She also visited 109 model homes which the Civic Federation had built and talked with the residents, without letting them know that she was the First Lady. The next day she became a stockholder in the company that was building these homes, the Sanitary Housing Company—and soon agreed to become the honorary chairman of the woman’s department of the National Civic Federation.

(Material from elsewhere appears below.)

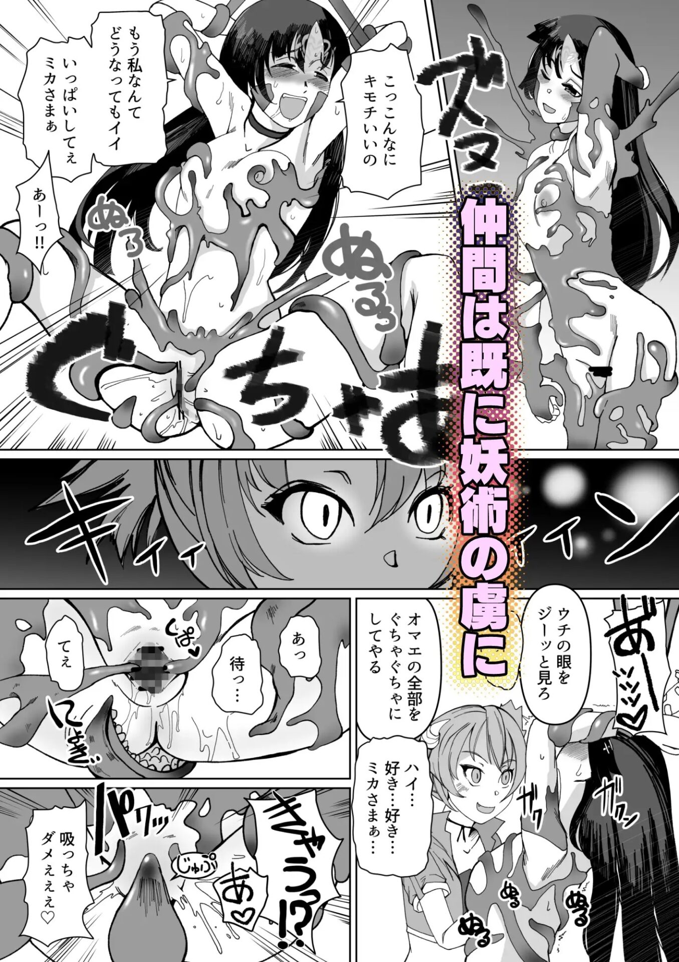 主人公のふたなり少女と同僚の少女二人が、悪の少女に強○絶頂で悪堕ちさせられる3Pものです。

These gestures swiftly became public knowledge. Suddenly concerned congressmen were touring the alleys, and everyone in Washington society was discussing how to improve them. A committee of fifty prominent Washingtonians gathered to draft an “Alley Bill” that would clear the slums of the shacks and erect model homes in their place. Ellen Wilson invited the committee to the White House for tea. At another meeting, held in a private mansion, Secretary of State William Jennings Bryan, considered the greatest orator of the era, addressed the group. “The most eloquent speech here tonight,” Bryan said, pointing to Ellen, “is the one that has not been made at all, for actions speak louder than words…. As crowded as my days are, I feel that if the wife of the president can find time out of her busy days to be here and to work for this cause, I can too.”
After the Alley Bill was introduced in Congress, Ellen went to work on the conditions in which women and blacks labored in government offices. She visited the Post Office Department and was appalled by the lack of light and air and the deplorable rest room facilities. She went to Postmaster General Albert Burleson, an ultraconservative Texan, who gave her the standard Washington runaround. At a White House luncheon, an angry Ellen Wilson brought up the problem in a very determined way with Colonel Edward House, one of her husband’stop aides. Soon the whole table was listening to the agitated House assure the First Lady he would do something about it.
Ellen made similar inspections of the Government Printing Office, where conditions were equally deplorable. Soon in the black ghetto of Washington, D.C., praise was being showered on Ellen Wilson. She was described as a “noble woman” who had set an example that black Americans hoped other white women would follow.
Ellen Wilson sent this message while maintaining a full-time pace as First Lady, with the usual White House round of entertaining politicians and visiting diplomats. She also functioned as her husband’s adviser and partner, going over his speeches with him, discussing his legislative program, doing research on problem countries, such as Mexico, with whom Wilson almost went to war in 1914.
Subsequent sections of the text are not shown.